Distance measures (cosmology)

In a universe whose global development is described by the Friedmann equations, there is no unique measure of distance more. This contradicts the everyday human experience in the static Euclidean space, is dynamic and curved space-times as the universe but inevitable. Here, the propagation of light is significantly influenced by the space-time geometry and dynamics underlying.

Distance measurements

In shallow and static space-times, there are various methods of distance measurement, which all lead to exactly the same result, although the underlying measurement methods are very different. For example, can be determined from the transit time of a reflected signal, the distance of the targeted object at a known speed signal. This principle is used in radar measurements or the so-called " laser ranging". Other opportunities exist to derive from the apparent angular size or apparent brightness of an object whose distance. This purpose must be known the true size or the true brightness.

These three principles are also found in astrophysics, mostly, however, in a different context. They are used to determine actual luminosities or sizes of astronomical objects, or the time at which the observed object has emitted the light. For this purpose, use is made of astrophysics brightness distance, the angular diameter distance and the duration of removal. Further, there is also moved along the distance. As a common denominator acts the cosmological redshift, which allows the calculation of these distances as follows.

Duration Distance

The definition of the term distance (English: light travel time distance ) is based on the light propagation time between two events with the redshifts given by

Substituting the cosmological time as an integration variable with the observable redshift, we obtain

Here is the cosmological expansion factor, normalized to the value 1 to the present time. It applies (see the relativistic derivation of the cosmological redshift )

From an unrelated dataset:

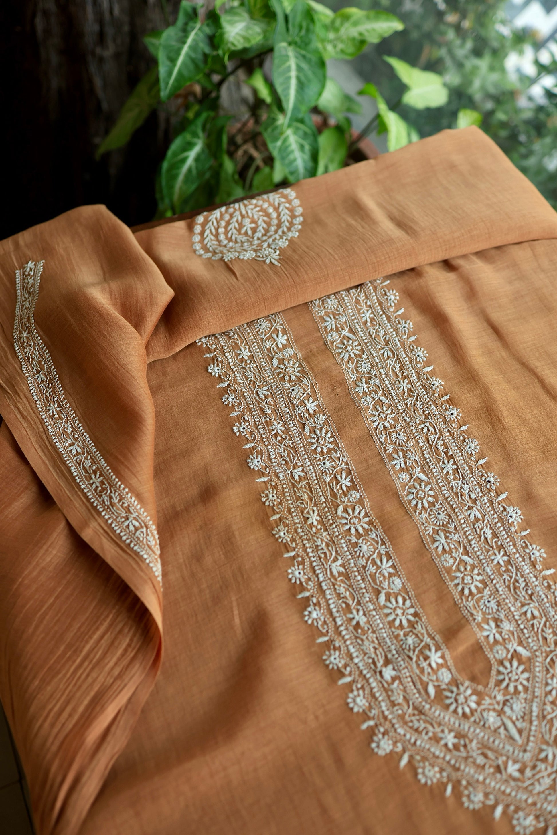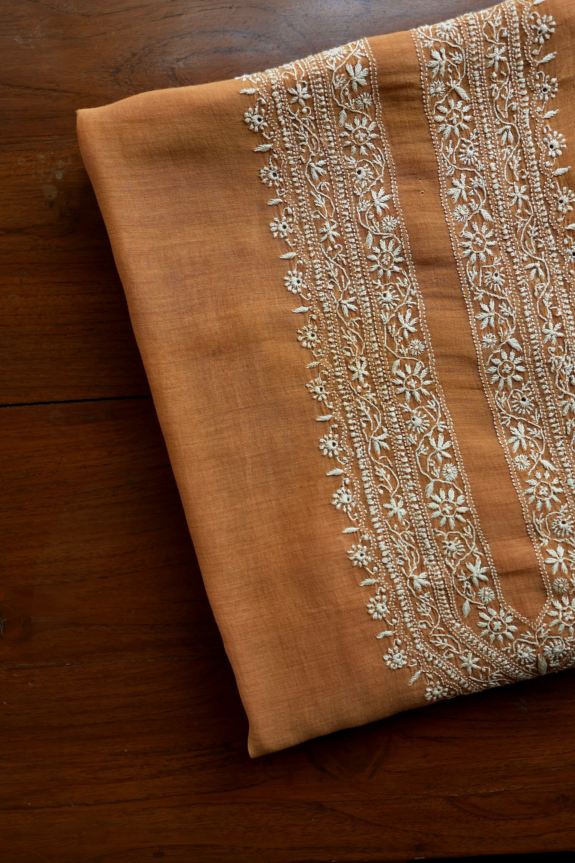 Rust Shade Mulmul Chikankari Unstitched Men's Kurtas Fabric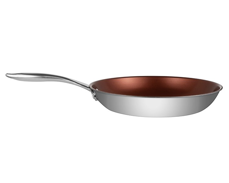Featuring ETERNA -- a safe and durable non-stick coating developed in the USA, the Stainless Steel Pan by Ozeri is the world’s first stainless steel frying pan to achieve non-stick perfection without using PFOA or APEO -- harmful chemicals often found in traditional cookware. Conventional pans achieve their non-stick performance with the aid of PFOA (PerFluoroOctanoic Acid), a potential carcinogen which the EPA has classified as a 'persistent pollutant of the environment', and APEO (Alkylphenol ethoxylates), which are under restricted use in Germany due to environmental concerns about their poor biodegradability and toxicity in the food chain. According to the EPA, once ingested, PFOA is capable of remaining in people for a very long time, and has been shown to cause developmental and other adverse effects in laboratory animals. Likewise, European studies have shown that APEO may be toxic to aquatic life, and has the potential to act as endocrine disrupters. With the Stainless Steel Pan’s ETERNA coating, even under high temperatures, no controversial perfluorinated chemicals are ever released into the environment. This is because the Stainless Steel Pan utilizes a safer non-stick coating that is completely free of PFOA, and far more durable and scratch-resistant than other non-stick surfaces. With better non-stick properties, the Stainless Steel Pan allows you to saute, fry, bake, boil and braise with as little as half the amount of oil normally used, and cleaning is a breeze. The Stainless Steel Pan by Ozeri is made of the highest quality stainless steel with TriPly construction, delivering the ultimate in heat conductivity for even cooking and browning without hot spots. It boasts a magnetized bottom for rapid heat transfer on induction stoves, and a polished mirror exterior. ETERNA coating made by Whitford USA. Final pan assembly in China.

One then writes the Hubble function explicitly, one obtains the familiar expression for the term distance

A flat universe (), this integral can be solved analytically:

And this put the matter density and the vacuum energy density parameter ( cosmological constant ) dar. According to measurements with WMAP and this amount. The Hubble constant is km s - 1Mpc -1.

Comoving distance

In analogy to the term of distance gives the comoving distance (English: comoving distance). This is the distance between the source and the observer on a spacelike hypersurface, defined by events with a constant cosmological time ( today). Starting from the line element (see also Friedmann equations) arises

From which one derives

The big difference between running time and distance comoving distance is that the former is a distance over space and time. Term distance is the distance to the object as it appears to the observer, and this holds in a state of the past. Moved along that distance, however, is the distance, having the observer and the object at the same time to each other, i.e., a distance on a space-like hypersurface. In this state, the observer can not see the object, however, because the light has just been sent out from the object to him.

Angular diameter distance

The angular diameter distance (English: angular diameter distance) is defined in analogy to the Euclidean space-time, as the ratio between the source area and the solid angle under which the object appears to the observer:

Using the comoving distance, this results in

With

The function distinguishes between three-dimensional spacelike hypersurfaces of constant time with positive, vanishing or negative curvature.

Luminosity distance

Similarly, the luminosity distance ( engl: luminosity distance) results from the analogy to Euclidean geometry. Given the late arrival of photons at the observer by the intervening expansion of the universe, its redshift and the photon number conservation, we obtain

General characteristics of the different distance definitions

Through the pre-factors of and the non-linearity of, have neither the angular diameter distance nor the luminosity distance an additive property. Considering two objects 1 and 3, with an intervening object 2, the distance between 1 and 3 does not equal the sum of the distances between the object 1 and 2, and the object 2 and 3:

The term of distance and the comoving distance, however, are additive.

Numerical examples

For the following redshifts, the various distances (in billions of light-years ) to the observer ( ) result:

Here it is noticeable that the angular diameter distance is not a monotonic function of redshift, but has a maximum, to then again be smaller. This means that the same object for increasing redshifts appear ever smaller, reached at a minimum, and the observer appears again larger for larger distances.

The term distance is aiming for a constant value ( the value of the age of the universe in light years ) for infinitely large redshifts. The luminosity distance, however, strives to infinity, that is, the apparent brightness of an object decreases with increasing redshift from very strong. In fact, the surface brightness decreases.

Application Examples

A galaxy have the redshift 0.5. Thus, it appears that the light from it was five billion years traveling to the observer, and thus its running time distance to 5.0 billion light years. If you want to from the apparent magnitude of the galaxy close (eg Magnitude = 22) on their actual brightness, we may not use the term distance, but you have to use the luminosity distance. This is 9.1 billion light years. Analogous to this is the size determination: If the galaxy to the observer at an angle of 5 arc seconds, so you have to use the angular diameter distance of 4.1 billion light years to their actual size to be able to determine ( 99600 light years) on the tangent function.